▶ [Activity]: Would you write out the full listing exactly, without any pictures?

▶ [Given data]:
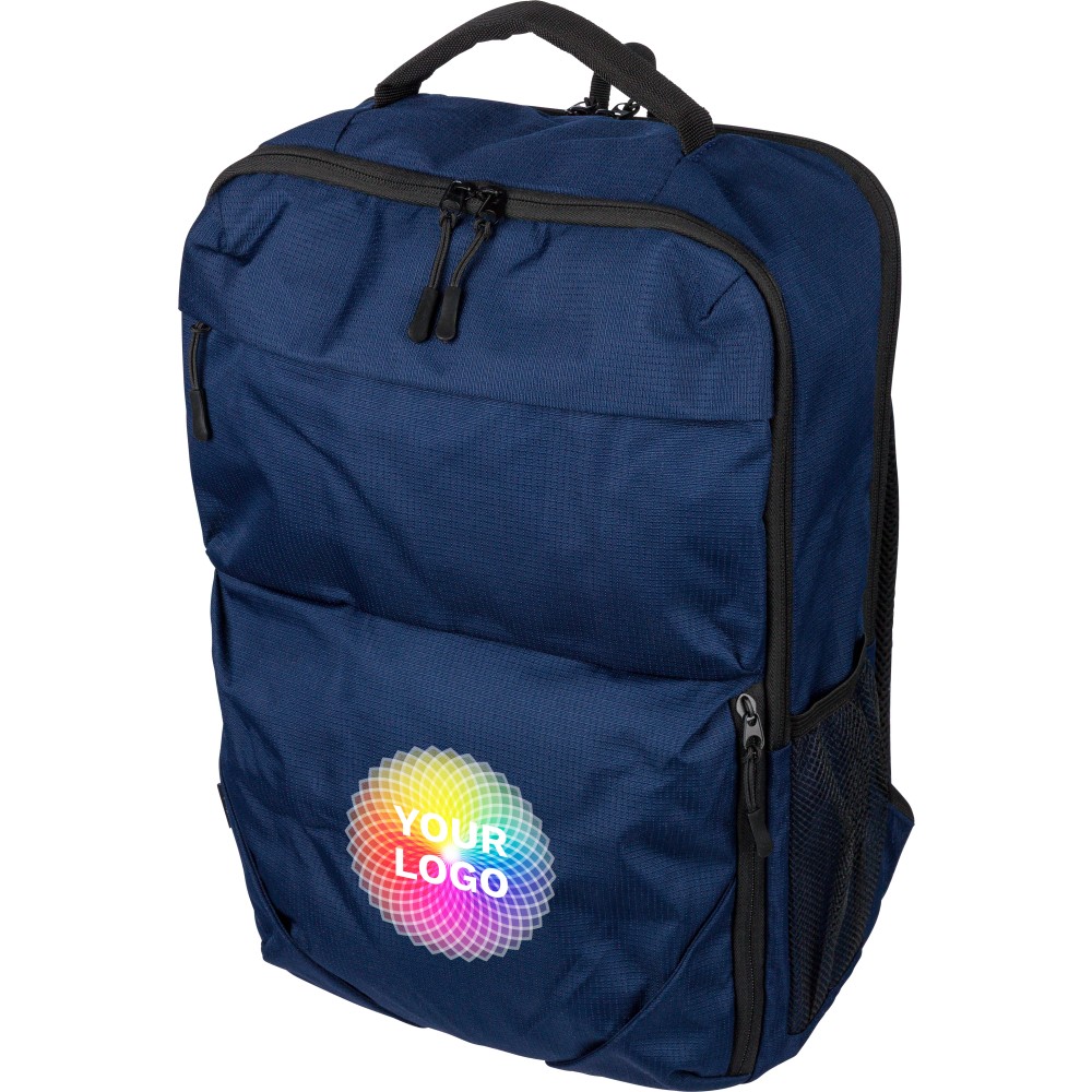 RPET 300D Ocean Bound anyagból készült hátizsák, amely újrahasznosított óceáni műanyagból készül, tartós és texturált felületű kialakítással. 20 literes űrtartalommal rendelkezik, két nagy cipzáras rekesszel, párnázott 15 hüvelykes laptoprekesszel, két elülső zsebbel, hálós oldalzsebbel és felső fogantyúval. Szellőző vállpántokkal, párnázott hátoldallal és bőröndre rögzíthető pánttal ellátva, a terméken Ocean Bound Plastic alapanyagra utaló címke található.
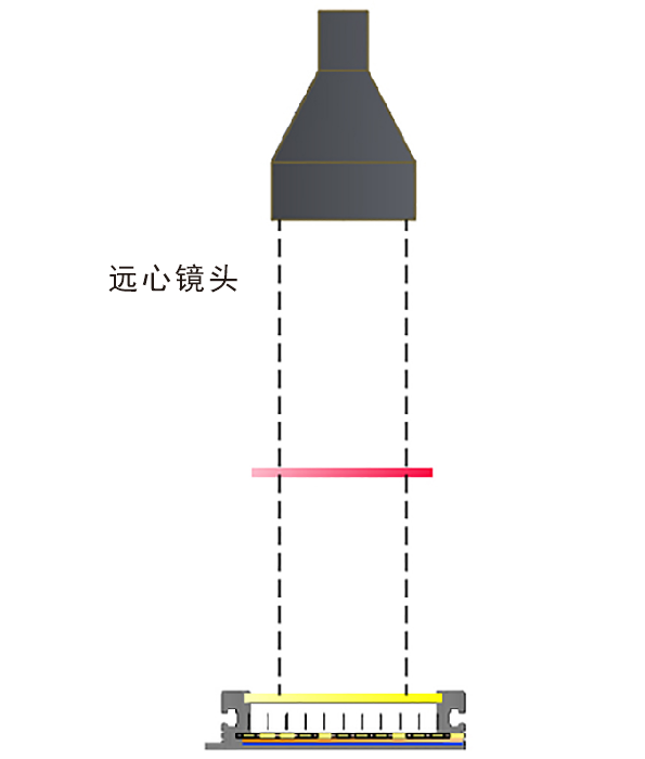 上面的兩種照射方式只說(shuō)到FA鏡頭,并且圖文也是以FA鏡頭舉例參考,那么還有一種鏡頭需要說(shuō)明,也就是常用的遠(yuǎn)心鏡頭,遠(yuǎn)心鏡頭基本為平行光路類型,所以在配合遠(yuǎn)心鏡頭選擇光源大小時(shí),我們只需要比實(shí)際的視野略大一點(diǎn)即可。如下圖所示:
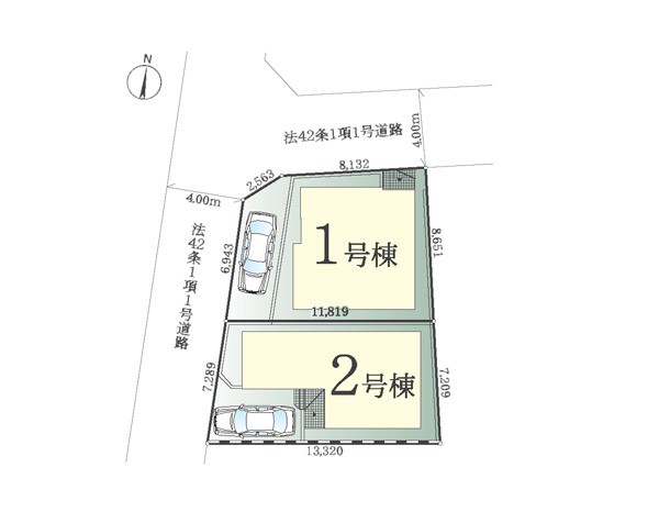| 駐車場 | 1台 | 道路の幅員 | 2号棟:西4m |
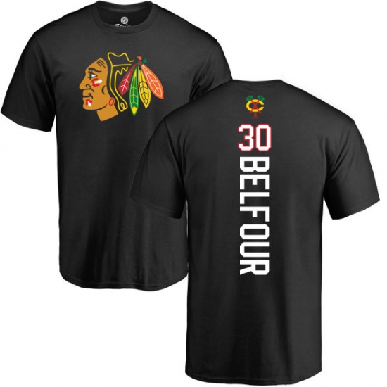 NHL Adidas Chicago Blackhawks #30 ED Belfour Black Backer T-Shirt
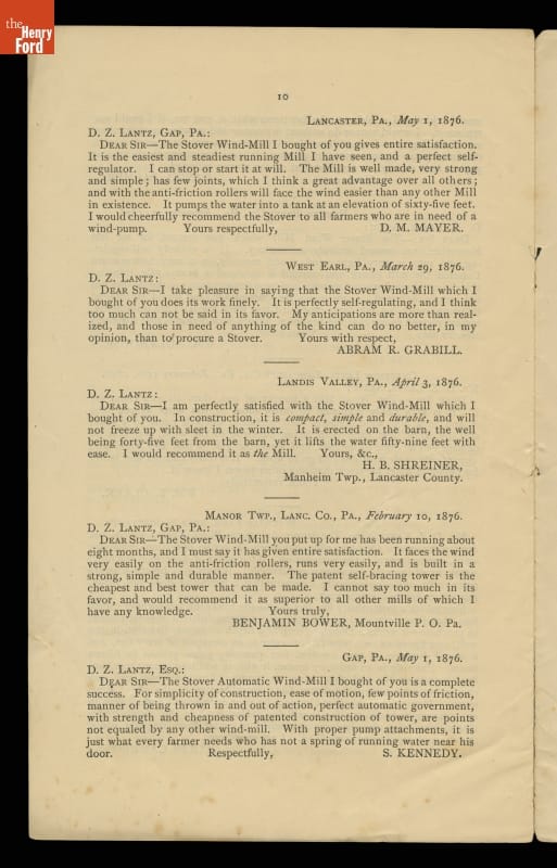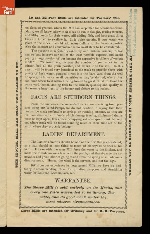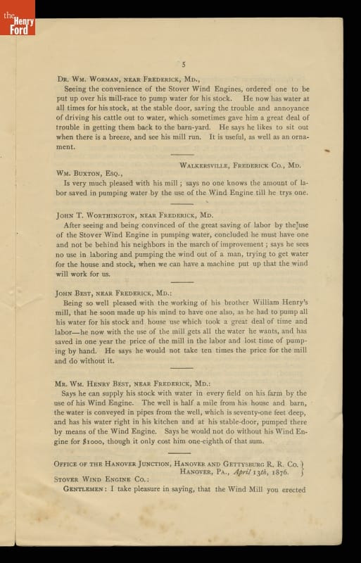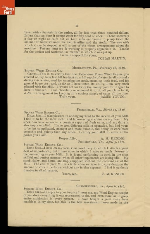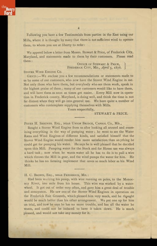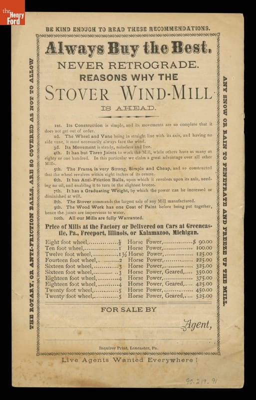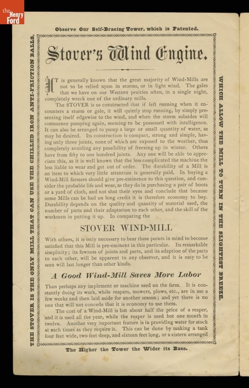 Many American farmers in the late 1800s bought windmills to pump water and power machinery. The Stover Wind Engine Company -- one of several companies that used the Stover name -- manufactured windmills for a brief period around the late 1870s. With pages of testimonials, this Stover catalog touted the durable construction and labor- and money-saving qualities of its windmills.

▶ [Answer to this exercise]:
 RPET 300D Ocean Bound anyagból készült hátizsák, amely újrahasznosított óceáni műanyagból készül, tartós és texturált felületű kialakítással. 20 literes űrtartalommal rendelkezik, két nagy cipzáras rekesszel, párnázott 15 hüvelykes laptoprekesszel, két elülső zsebbel, hálós oldalzsebbel és felső fogantyúval. Szellőző vállpántokkal, párnázott hátoldallal és bőröndre rögzíthető pánttal ellátva, a terméken Ocean Bound Plastic alapanyagra utaló címke található.
 上面的兩種照射方式只說(shuō)到FA鏡頭,并且圖文也是以FA鏡頭舉例參考,那么還有一種鏡頭需要說(shuō)明,也就是常用的遠(yuǎn)心鏡頭,遠(yuǎn)心鏡頭基本為平行光路類型,所以在配合遠(yuǎn)心鏡頭選擇光源大小時(shí),我們只需要比實(shí)際的視野略大一點(diǎn)即可。如下圖所示:
| 駐車場 | 1台 | 道路の幅員 | 2号棟:西4m |
 NHL Adidas Chicago Blackhawks #30 ED Belfour Black Backer T-Shirt
 Many American farmers in the late 1800s bought windmills to pump water and power machinery. The Stover Wind Engine Company -- one of several companies that used the Stover name -- manufactured windmills for a brief period around the late 1870s. With pages of testimonials, this Stover catalog touted the durable construction and labor- and money-saving qualities of its windmills.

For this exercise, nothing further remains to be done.